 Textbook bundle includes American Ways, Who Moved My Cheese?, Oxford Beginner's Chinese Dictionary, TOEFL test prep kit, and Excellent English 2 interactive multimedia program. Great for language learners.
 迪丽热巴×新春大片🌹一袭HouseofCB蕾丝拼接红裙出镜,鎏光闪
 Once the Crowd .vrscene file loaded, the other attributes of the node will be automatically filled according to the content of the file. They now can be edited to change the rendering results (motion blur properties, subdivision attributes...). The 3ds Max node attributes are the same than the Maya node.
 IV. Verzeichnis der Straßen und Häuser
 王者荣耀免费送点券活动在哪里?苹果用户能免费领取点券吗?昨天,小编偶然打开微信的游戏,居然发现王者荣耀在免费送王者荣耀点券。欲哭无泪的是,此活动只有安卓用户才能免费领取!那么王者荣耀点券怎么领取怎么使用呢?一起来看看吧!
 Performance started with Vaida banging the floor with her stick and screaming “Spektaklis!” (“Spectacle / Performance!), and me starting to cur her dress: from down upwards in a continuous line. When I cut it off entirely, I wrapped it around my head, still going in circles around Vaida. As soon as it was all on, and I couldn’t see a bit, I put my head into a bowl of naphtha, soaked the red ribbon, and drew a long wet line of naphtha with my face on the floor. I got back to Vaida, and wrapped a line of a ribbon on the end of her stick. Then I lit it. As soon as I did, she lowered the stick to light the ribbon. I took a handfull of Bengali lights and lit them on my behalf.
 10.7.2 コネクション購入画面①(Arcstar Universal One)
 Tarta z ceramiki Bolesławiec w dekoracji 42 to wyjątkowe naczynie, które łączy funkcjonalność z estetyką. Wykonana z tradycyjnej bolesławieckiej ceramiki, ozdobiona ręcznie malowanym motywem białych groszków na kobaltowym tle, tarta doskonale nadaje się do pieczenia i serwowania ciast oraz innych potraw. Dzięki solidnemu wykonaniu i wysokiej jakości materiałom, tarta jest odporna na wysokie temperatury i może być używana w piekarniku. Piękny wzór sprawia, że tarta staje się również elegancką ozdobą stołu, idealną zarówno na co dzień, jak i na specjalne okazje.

WORK INSTRUCTION:
Each line from the one with "10.7.2 コネクション購入画面①(Arcstar Universal One)" through the end of the entries above must be set down exactly, both end lines included, and no other line may appear.

FINISHED EXERCISE:
 10.7.2 コネクション購入画面①(Arcstar Universal One)
 Tarta z ceramiki Bolesławiec w dekoracji 42 to wyjątkowe naczynie, które łączy funkcjonalność z estetyką. Wykonana z tradycyjnej bolesławieckiej ceramiki, ozdobiona ręcznie malowanym motywem białych groszków na kobaltowym tle, tarta doskonale nadaje się do pieczenia i serwowania ciast oraz innych potraw. Dzięki solidnemu wykonaniu i wysokiej jakości materiałom, tarta jest odporna na wysokie temperatury i może być używana w piekarniku. Piękny wzór sprawia, że tarta staje się również elegancką ozdobą stołu, idealną zarówno na co dzień, jak i na specjalne okazje.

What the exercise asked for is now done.